REQUIRED WORK
Copy exactly and only the lines running from the one that contains "- voir combien" to the final line of the data below, without the pictures.

SUPPLIED DATA
◆ ◆ ◆
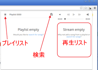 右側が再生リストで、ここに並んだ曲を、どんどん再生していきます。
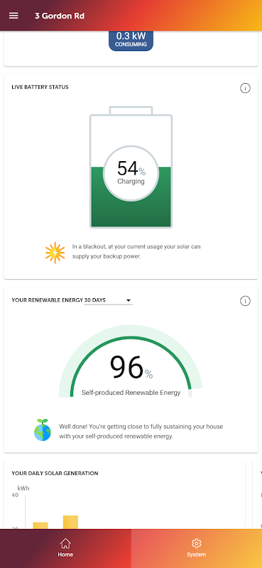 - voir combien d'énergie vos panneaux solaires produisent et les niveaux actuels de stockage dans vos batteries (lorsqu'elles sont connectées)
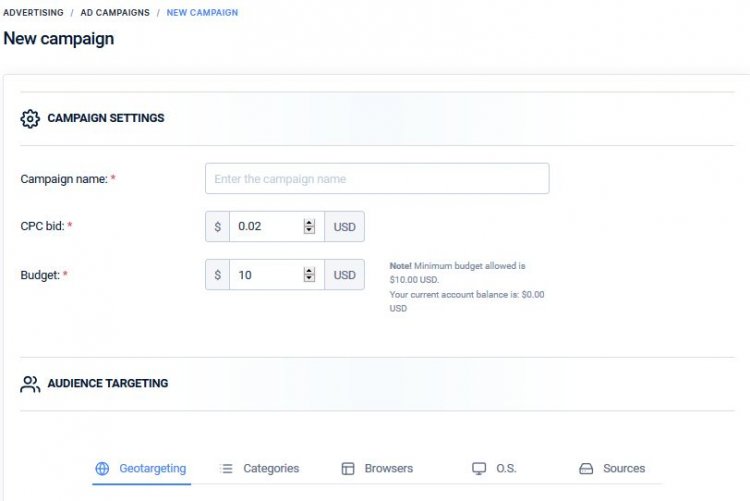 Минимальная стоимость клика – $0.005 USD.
◆ ◆ ◆
OUTPUT OF THE EXERCISE
 - voir combien d'énergie vos panneaux solaires produisent et les niveaux actuels de stockage dans vos batteries (lorsqu'elles sont connectées)
 Минимальная стоимость клика – $0.005 USD.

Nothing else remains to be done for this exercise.